In contrast there is the very, very rich, whose children’s
daily pocket-money would be more than the monthly salary of a slum-family.
Globalisation has consciously promoted the massive profits of big business,
gigantic salary hikes of top executives in both private and public sectors;
enhanced the salaries and perks of top bureaucrats and politicians five to
ten-fold; and promoted a carpetbagger-type economy where crores are made
overnight in wheeling-dealing, etc. What till yesterday was treated as illegal,
is today seen with respectability.
So, a Reliance company and their owner, made an unbelievable
net profit last year (2001-02) of Rs 4,600 crores — i.e. equivalent to the
annual income of 2.5 million families (25 lakh) in rural India. The Ambanis, a
total product of the globalisation era, and a master at mafia-style business,
increased their wealth by over 30 times in the past fiteen years from a mere Rs
2,000 crores in 1986 to Rs 65,000 crores today.
Globalisation has also produced those upstart business houses
in the InfoTech sector that have become multi-billionaires within a few years,
like Wipro, Infosys, Satyam, etc. It has also produced the scamsters by the
hundreds of which the two biggest, Harshad Mehta and Ketan Parekh, siphoned off
crores of middle-class earnings to make thousands of crores for themselves and
their accomplices. In the same category come the Bharat Shahs, the diamond
magnate and film financier, with underworld links, who soon after coming out of
a one-year stint in jail spends Rs 70 crores on the wedding (in Belgium) of his
nephew and niece on Sept.1, 2002 — in attendance were the entire NRI community,
top politicians, bureaucrats, et al. This one-night extravaganza, where a team
of cooks was flown down from India, could have fed over 3 lakh starving
families, in the drought-stricken areas, for four months.
If we turn to the politicians, not only have they been
looting the treasury left and right, through thousands and thousands of illicit
and illegal deals, but they have hiked their own salaries and perks again and
again in the past decade. So, MPs doubled their yearly fund for their electoral
areas from Rs 1 crore annually to Rs 2 crore annually, and are now trying to
double it further to Rs 4 crore. The MPs and MLAs have also given themselves
massive hikes in their daily perks and salaries. In 1997 the Gujaral government
passed an ordinance to raise judge’s salaries by 250% and their pensions
three-fold. In 1999 the BJP-led government passed a hike for PSU officers, which
more than doubled their salaries (retrospective from Jan.1, 1997) amounting to a
huge Rs 2,000 crores extra annual payment for the exchequer. The list could go
on and on, but suffice it to say, that where the government and their
imperialist backers are forcing lakhs out of their jobs, are refusing to pay
salaries for years, are cutting their bonus, DA, etc., complaining of lack of
funds, they face no problem in giving crores to themselves not only by the above
methods but also by massive expansions of their ministries and the paraphernalia
associated with it.
While they shout themselves horse against the so-called
illegal activities of the revolutionaries, in this globalised world of business
the line between legal and illegal is thin, between ‘gentlemanly’ business
dealings and mafia business deals is blurred, and between ‘legitimate’ earnings
and ‘illegitimate’ earnings has ceased to exist. In the name of ‘free trade’ it
is a free for all, the devil takes the hindmost, the big crush the small and
weak, and gangsters, posing as ‘gentlemen’ have become the pillars of this
society. So, Rs 1 lakh crore (Rs 1,000 arab) of Black Money is generated every
year, but a blind eye is turned towards it. The IMF has estimated that wealthy
Indians have stashed $100 billion abroad in secret accounts, draining the
country of its vast wealth, but it is these who yell most about the "National
Interest", "Defence of the Motherland", etc. etc.

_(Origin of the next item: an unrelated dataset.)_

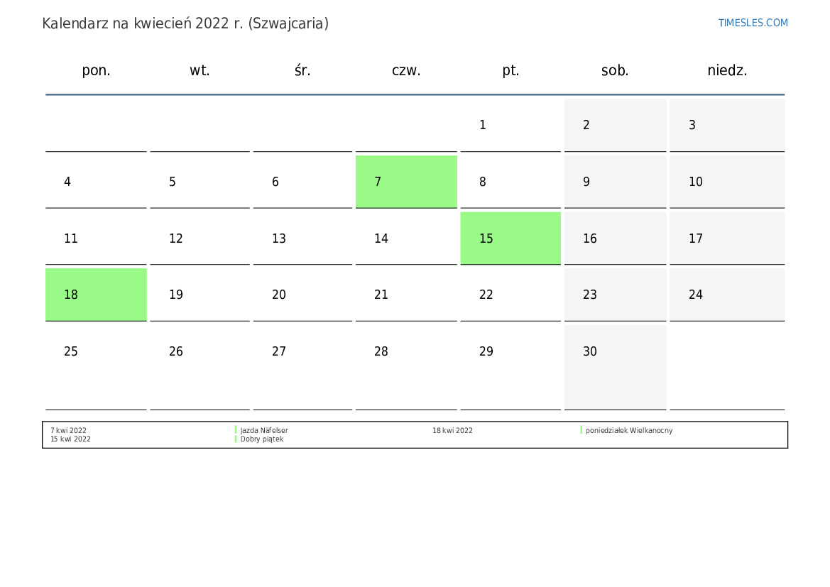 Pobierz i wydrukuj kalendarz PDF ze świętami i weekendami na kwiecień 2022 r. dla Szwajcarii

But this is not all. The list of frauds, etc. can go on and
on. Indian FIs have now been defrauded of Rs 6,500 crores by the TNC Enron in
its Dhabol plant, by investing in it or providing guarantees. With the Enron
bankrupt, the plant closed, and the ridiculous agreement signed by the then
State and Central governments lying in tatters, not a single person is arrested
or even touched, though those involved in this huge scam were the likes of
Sharad Pawar, Bal Thackery and Atal Bihari Vajpayee!! For over a decade a
massive Rs 1.25 lakh crores are owed to banks and are not being paid back. In
this list of creditors are most of the top businessmen of the country. While a
small farmer is harassed by these banks to recover tiny loans, even in times of
hardship, these huge amounts lie unrecovered and have even been nicely dressed
up to be called ‘non-performing assets’ (NPAs).

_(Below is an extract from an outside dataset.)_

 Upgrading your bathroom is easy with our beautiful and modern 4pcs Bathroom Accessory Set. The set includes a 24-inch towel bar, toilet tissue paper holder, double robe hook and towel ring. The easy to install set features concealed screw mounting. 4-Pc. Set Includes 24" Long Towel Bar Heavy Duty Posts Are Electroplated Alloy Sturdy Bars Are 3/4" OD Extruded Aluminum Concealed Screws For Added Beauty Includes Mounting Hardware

Added to all this is the huge bail out planned for India’s
two leading FIs amounting to a massive Rs 21,000 crores — also due to so-called
NPAs involving fraud and favour at the highest level. If one takes also UTI
fraud, Rs 36,000 crores of tax-payer’s money will be used to pay for money
defrauded by crooks and scroundels in these three major financial institutions
of the country.
In Delhi non-payment of electricity bills by 1,580 former and
present MPs amounts to crores, but for an ordinary middle-class home a month’s
delay will lead to the cutting off of the line.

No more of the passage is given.